Math 241: Real Analysis
Instructor: J. T. Beale

This course develops measure theory and Lebesgue integration. This theory is
foundational for much of analysis and in particular for the mathematical
theory of probability.  This course is a natural beginning part of a
graduate program in mathematics.  Besides measure theory and integration, we
include a brief treatment of Fourier series and transforms, and the
formulation of probability theory in terms of measure theory, including
proofs of basic theorems such as the Central Limit Theorem.
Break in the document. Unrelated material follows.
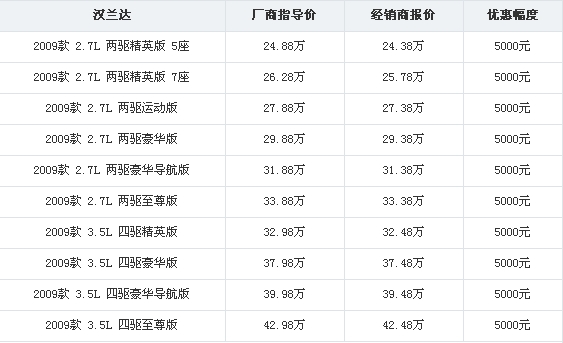 近日,编辑从广汽丰田4S了解到,购买汉兰达全系优惠5000元。详情请致电经销商咨询,具体价格详情如下: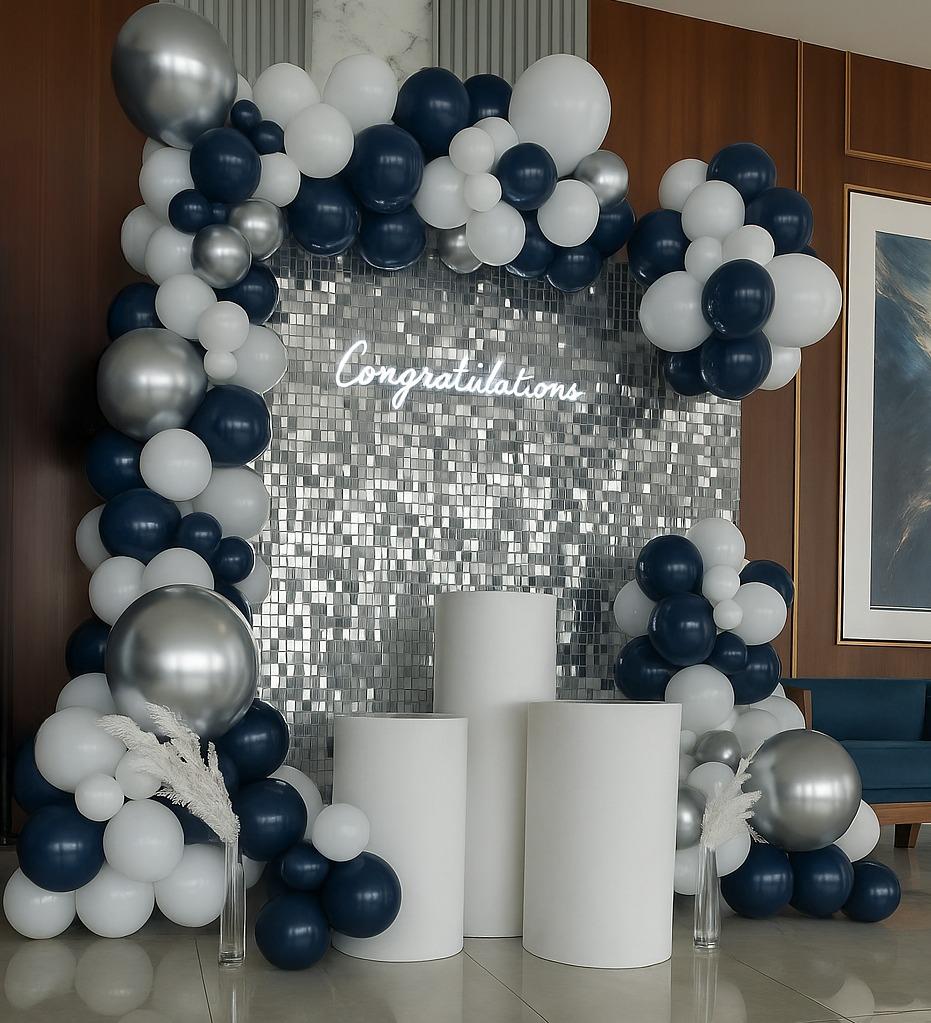 خلفية جليتر، قوس بالون، ستاند بالون، طاولة كيك، عبارة مضيئة

The course is aimed at beginning graduates students in mathematics, but
other interested students are welcome if they have the necessary background.
The main prerequisite is a rigorous undergraduate course in real analysis.,
such as our Math 203 (preferable) or our Math 139.   Students should have a
working knowledge of the concepts from undergraduate analysis and should be
used to writing proofs in analysis.  Specifically, students should be
familiar with these concepts: algebra of sets and images and inverse images
of functions, sup and inf of sets of real numbers, countable and uncountable
sets, completeness of the real numbers, Cauchy sequences, metric spaces,
open and closed sets, compact sets (as defined by coverings by open sets),
the Bolzano-Weierstrass Theorem, uniform continuity as distinguished from
continuity, the relation between continuous functions and compact or
connected sets, pointwise convergence and uniform convergence of sequences
of functions, convergence of power series, the Riemann integral as defined
as the limit of upper and lower sums, and the proofs of standard theorems of
calculus.

Please note!!  The textbook will be the NEW fourth edition of the book Real
Analysis by Royden and Fitzpatrick.  The earlier editions were by Royden
alone. The new edition is significantly different.  Unfortunately this
important distinction is not evident in the bookstore listing.